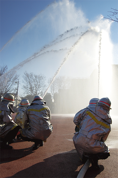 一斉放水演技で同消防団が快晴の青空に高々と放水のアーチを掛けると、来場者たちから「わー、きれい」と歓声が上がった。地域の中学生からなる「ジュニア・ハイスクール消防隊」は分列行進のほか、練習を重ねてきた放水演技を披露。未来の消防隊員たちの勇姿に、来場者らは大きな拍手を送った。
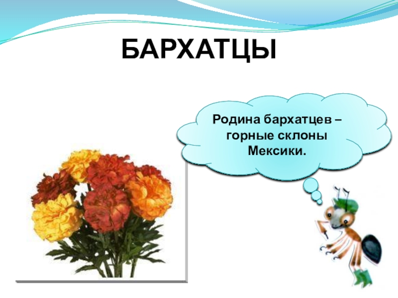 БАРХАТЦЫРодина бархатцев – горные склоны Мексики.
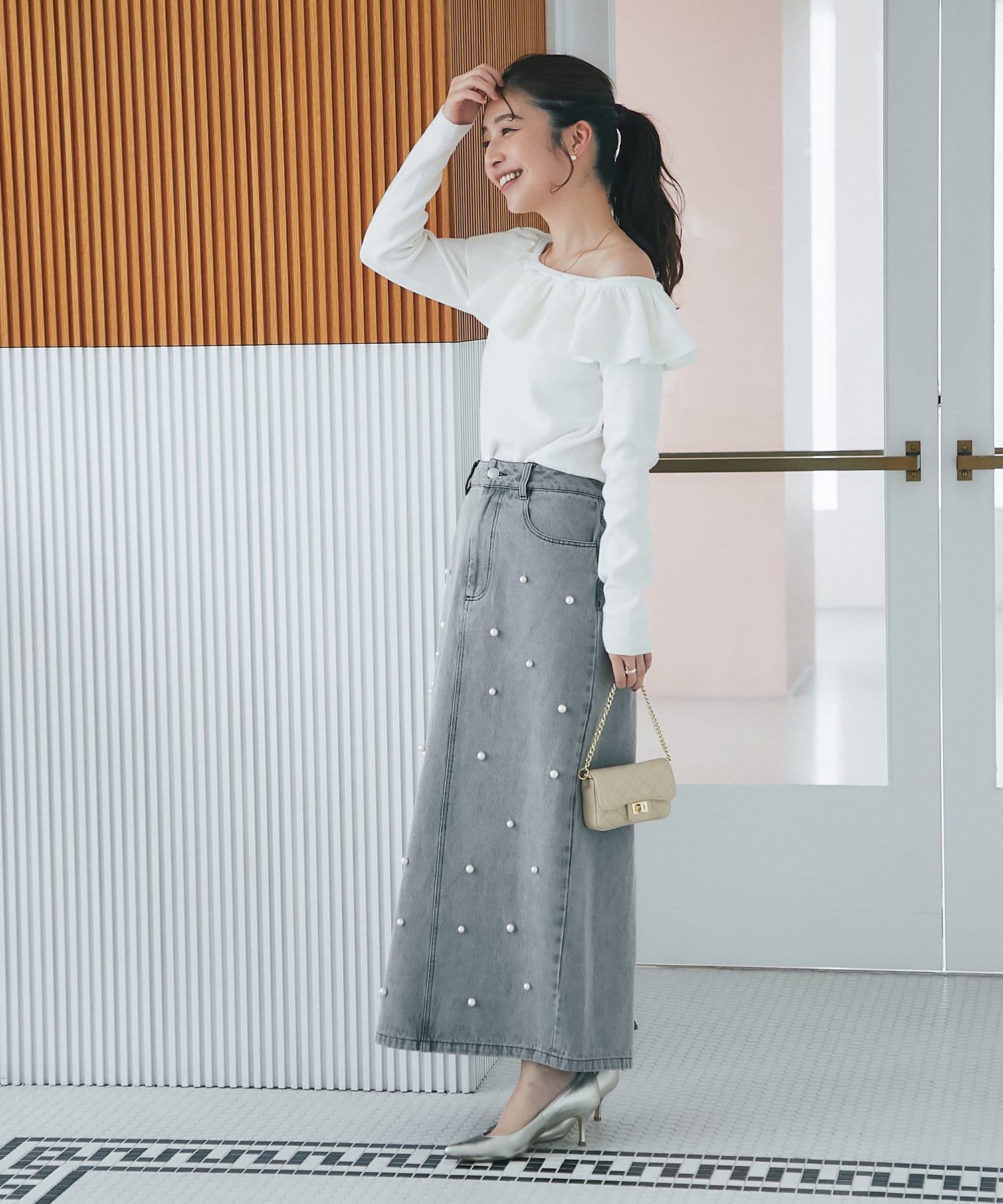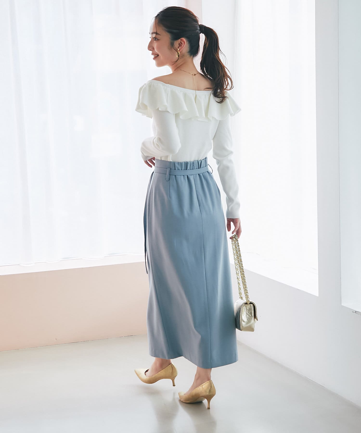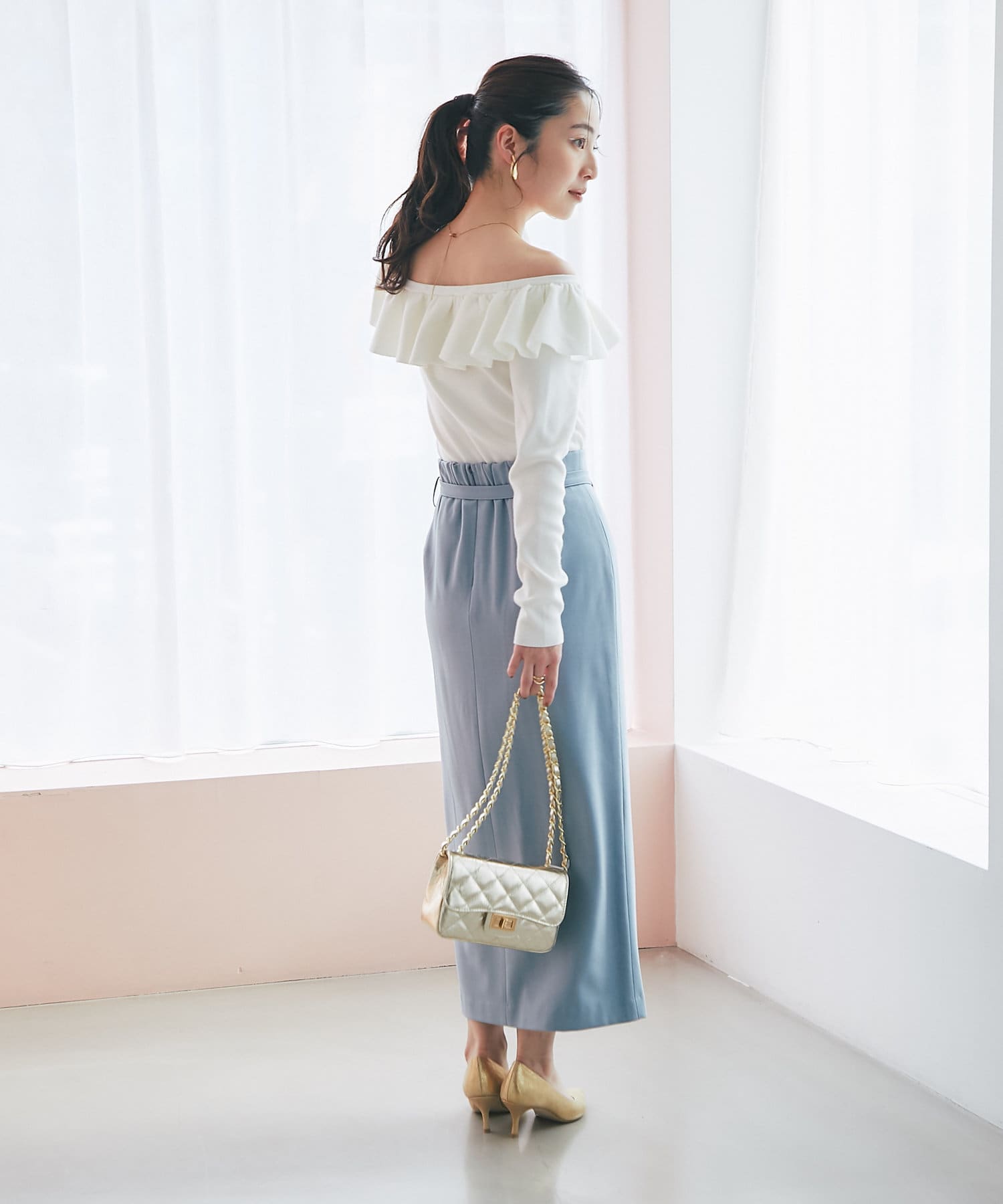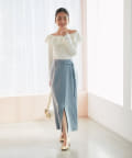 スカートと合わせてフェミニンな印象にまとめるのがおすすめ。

# # # # # # #

_WHAT IS BEING ASKED_:
I would like the data copied exactly as it stands, with no pictures included.

_ANSWER AREA_:
 一斉放水演技で同消防団が快晴の青空に高々と放水のアーチを掛けると、来場者たちから「わー、きれい」と歓声が上がった。地域の中学生からなる「ジュニア・ハイスクール消防隊」は分列行進のほか、練習を重ねてきた放水演技を披露。未来の消防隊員たちの勇姿に、来場者らは大きな拍手を送った。
 БАРХАТЦЫРодина бархатцев – горные склоны Мексики.
 スカートと合わせてフェミニンな印象にまとめるのがおすすめ。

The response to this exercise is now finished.